#### ASSIGNED TASK:
Only the lines in the entries below from the line with "土粘土の感触を楽しみながら、" to the line with "Cumhurbaşkanı Celal Bayar´ın", both included, belong in the answer, transcribed exactly and without pictures.

#### DATASET EXCERPTS:
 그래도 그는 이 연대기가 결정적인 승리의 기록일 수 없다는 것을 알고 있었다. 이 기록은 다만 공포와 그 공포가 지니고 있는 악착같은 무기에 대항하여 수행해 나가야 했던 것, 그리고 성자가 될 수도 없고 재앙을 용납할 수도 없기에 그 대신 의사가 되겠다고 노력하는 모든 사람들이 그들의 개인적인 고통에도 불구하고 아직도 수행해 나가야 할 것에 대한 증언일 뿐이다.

* * *

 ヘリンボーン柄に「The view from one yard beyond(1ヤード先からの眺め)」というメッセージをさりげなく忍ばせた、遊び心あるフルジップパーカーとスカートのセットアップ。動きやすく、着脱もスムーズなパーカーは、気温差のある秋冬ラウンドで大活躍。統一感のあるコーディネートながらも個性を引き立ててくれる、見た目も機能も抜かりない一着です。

--

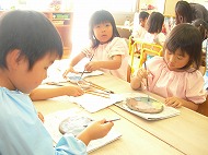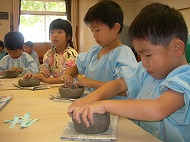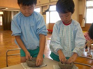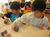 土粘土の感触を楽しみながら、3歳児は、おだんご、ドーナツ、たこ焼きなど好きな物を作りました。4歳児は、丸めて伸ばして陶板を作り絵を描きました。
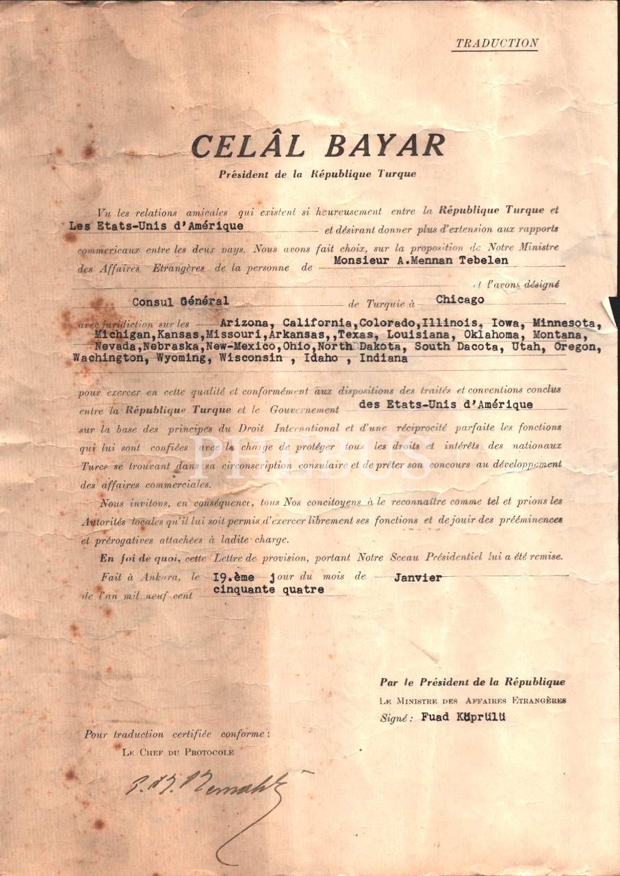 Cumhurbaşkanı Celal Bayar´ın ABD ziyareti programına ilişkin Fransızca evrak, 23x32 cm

#### RESULT OF THIS EXERCISE:
 土粘土の感触を楽しみながら、3歳児は、おだんご、ドーナツ、たこ焼きなど好きな物を作りました。4歳児は、丸めて伸ばして陶板を作り絵を描きました。
 Cumhurbaşkanı Celal Bayar´ın ABD ziyareti programına ilişkin Fransızca evrak, 23x32 cm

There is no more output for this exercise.